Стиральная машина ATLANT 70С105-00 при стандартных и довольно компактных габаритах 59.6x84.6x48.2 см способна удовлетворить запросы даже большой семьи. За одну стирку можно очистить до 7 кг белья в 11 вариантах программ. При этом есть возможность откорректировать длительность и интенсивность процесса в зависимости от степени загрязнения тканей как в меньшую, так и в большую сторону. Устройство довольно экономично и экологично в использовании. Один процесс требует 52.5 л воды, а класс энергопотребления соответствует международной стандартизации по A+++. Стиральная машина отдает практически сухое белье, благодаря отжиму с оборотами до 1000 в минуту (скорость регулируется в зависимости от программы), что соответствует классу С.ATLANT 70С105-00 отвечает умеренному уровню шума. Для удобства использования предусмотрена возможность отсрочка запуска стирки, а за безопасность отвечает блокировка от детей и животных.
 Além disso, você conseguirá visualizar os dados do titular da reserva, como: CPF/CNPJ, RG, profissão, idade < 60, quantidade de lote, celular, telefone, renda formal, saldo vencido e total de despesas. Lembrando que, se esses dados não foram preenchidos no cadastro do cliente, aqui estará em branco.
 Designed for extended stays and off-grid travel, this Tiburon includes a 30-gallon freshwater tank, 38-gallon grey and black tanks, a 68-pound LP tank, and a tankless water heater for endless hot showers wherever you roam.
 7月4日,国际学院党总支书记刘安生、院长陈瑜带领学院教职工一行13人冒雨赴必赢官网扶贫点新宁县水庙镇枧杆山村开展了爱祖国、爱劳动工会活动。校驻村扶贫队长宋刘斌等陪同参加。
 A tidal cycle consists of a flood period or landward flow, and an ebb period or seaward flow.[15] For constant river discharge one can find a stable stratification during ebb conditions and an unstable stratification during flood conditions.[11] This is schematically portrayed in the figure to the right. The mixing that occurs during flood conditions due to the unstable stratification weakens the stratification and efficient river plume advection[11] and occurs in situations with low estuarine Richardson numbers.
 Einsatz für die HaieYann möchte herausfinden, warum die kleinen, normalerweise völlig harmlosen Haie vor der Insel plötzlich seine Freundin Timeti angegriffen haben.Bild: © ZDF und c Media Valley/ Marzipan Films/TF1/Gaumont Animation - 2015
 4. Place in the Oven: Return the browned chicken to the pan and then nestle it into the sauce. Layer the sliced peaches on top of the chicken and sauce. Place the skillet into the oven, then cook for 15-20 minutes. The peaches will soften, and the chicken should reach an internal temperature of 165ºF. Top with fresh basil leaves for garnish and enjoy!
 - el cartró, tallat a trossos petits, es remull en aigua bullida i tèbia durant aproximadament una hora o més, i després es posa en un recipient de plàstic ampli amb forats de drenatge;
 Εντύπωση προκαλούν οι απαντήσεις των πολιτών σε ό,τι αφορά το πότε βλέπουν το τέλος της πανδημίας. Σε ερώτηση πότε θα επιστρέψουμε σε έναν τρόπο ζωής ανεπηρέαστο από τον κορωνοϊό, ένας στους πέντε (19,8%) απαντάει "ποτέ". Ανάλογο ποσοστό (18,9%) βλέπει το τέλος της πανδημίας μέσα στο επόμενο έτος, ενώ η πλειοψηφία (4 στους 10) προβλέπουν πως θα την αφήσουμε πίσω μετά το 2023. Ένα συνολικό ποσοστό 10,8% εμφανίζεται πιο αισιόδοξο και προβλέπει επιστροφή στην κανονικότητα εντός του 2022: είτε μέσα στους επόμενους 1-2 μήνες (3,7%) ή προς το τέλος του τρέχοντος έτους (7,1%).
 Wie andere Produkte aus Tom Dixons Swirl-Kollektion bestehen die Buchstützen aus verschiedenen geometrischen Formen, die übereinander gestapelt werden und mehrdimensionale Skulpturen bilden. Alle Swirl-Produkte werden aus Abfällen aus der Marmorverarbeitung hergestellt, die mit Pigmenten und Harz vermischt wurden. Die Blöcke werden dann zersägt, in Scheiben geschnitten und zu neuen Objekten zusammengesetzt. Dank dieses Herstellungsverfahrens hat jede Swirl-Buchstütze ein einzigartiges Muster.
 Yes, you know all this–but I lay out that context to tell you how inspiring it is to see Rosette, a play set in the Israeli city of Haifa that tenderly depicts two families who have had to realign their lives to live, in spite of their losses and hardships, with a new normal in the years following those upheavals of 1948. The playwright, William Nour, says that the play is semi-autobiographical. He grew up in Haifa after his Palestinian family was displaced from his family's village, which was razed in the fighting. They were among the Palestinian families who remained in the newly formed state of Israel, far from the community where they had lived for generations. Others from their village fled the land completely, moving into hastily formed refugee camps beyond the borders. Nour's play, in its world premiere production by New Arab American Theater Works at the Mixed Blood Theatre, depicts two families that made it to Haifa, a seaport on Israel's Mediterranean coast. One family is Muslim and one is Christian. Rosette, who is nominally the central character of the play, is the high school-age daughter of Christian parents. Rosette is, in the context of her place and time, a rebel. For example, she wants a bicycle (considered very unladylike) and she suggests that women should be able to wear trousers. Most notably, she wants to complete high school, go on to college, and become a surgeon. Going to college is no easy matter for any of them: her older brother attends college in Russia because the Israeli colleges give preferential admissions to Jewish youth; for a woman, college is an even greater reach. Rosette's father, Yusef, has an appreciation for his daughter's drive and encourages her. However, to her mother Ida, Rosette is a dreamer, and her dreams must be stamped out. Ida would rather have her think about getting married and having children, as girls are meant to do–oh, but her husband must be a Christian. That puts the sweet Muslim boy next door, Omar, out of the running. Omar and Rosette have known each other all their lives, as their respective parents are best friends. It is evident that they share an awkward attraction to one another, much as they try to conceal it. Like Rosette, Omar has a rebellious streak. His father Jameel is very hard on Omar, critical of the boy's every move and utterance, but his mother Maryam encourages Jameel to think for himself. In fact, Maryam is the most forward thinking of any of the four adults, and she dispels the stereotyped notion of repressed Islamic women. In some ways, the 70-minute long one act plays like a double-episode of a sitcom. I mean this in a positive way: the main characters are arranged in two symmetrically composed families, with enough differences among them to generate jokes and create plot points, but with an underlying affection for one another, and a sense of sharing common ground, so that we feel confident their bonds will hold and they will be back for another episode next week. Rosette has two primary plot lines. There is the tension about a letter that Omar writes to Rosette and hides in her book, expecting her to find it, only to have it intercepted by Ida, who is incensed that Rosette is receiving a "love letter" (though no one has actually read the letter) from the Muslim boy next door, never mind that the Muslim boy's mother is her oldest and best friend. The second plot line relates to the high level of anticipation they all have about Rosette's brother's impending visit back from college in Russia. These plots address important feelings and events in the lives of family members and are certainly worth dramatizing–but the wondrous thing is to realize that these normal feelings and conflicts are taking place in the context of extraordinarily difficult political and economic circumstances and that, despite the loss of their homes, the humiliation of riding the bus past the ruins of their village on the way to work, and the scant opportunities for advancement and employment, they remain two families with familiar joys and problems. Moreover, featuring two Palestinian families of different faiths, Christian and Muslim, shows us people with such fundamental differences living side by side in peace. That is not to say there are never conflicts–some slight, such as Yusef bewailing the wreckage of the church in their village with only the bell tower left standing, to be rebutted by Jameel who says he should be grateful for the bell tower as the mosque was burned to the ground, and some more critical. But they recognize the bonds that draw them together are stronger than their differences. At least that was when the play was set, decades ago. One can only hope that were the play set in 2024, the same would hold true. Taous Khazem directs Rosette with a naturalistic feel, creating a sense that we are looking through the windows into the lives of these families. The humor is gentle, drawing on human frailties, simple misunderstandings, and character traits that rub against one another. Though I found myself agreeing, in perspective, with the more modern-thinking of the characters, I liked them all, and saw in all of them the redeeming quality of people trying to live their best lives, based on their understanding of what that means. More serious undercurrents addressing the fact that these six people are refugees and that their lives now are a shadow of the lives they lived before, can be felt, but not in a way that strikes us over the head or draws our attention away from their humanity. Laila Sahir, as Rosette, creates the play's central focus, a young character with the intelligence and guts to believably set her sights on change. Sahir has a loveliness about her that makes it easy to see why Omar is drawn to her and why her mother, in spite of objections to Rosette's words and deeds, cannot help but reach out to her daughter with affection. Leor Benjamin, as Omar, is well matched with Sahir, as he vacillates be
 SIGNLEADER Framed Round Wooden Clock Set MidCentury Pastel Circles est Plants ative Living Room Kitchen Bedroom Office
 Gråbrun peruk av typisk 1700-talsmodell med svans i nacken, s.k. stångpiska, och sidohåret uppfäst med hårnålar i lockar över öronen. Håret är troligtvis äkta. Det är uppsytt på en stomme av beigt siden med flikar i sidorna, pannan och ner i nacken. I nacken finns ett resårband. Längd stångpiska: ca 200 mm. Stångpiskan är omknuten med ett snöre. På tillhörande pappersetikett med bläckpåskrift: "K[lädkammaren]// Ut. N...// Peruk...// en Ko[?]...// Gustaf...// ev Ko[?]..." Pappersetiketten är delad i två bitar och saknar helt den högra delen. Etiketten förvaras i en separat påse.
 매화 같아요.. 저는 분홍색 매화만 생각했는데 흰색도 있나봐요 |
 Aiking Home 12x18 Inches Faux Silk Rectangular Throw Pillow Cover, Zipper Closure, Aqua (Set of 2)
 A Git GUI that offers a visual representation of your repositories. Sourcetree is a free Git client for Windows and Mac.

———

▶ **DIRECTIONS**
Within the material above, the line with "Designed for extended" opens the range and the line with "7月4日,国际学院党总支书记" closes it; reproduce that range word for word.

▶ **TASK RESPONSE**
 Designed for extended stays and off-grid travel, this Tiburon includes a 30-gallon freshwater tank, 38-gallon grey and black tanks, a 68-pound LP tank, and a tankless water heater for endless hot showers wherever you roam.
 7月4日,国际学院党总支书记刘安生、院长陈瑜带领学院教职工一行13人冒雨赴必赢官网扶贫点新宁县水庙镇枧杆山村开展了爱祖国、爱劳动工会活动。校驻村扶贫队长宋刘斌等陪同参加。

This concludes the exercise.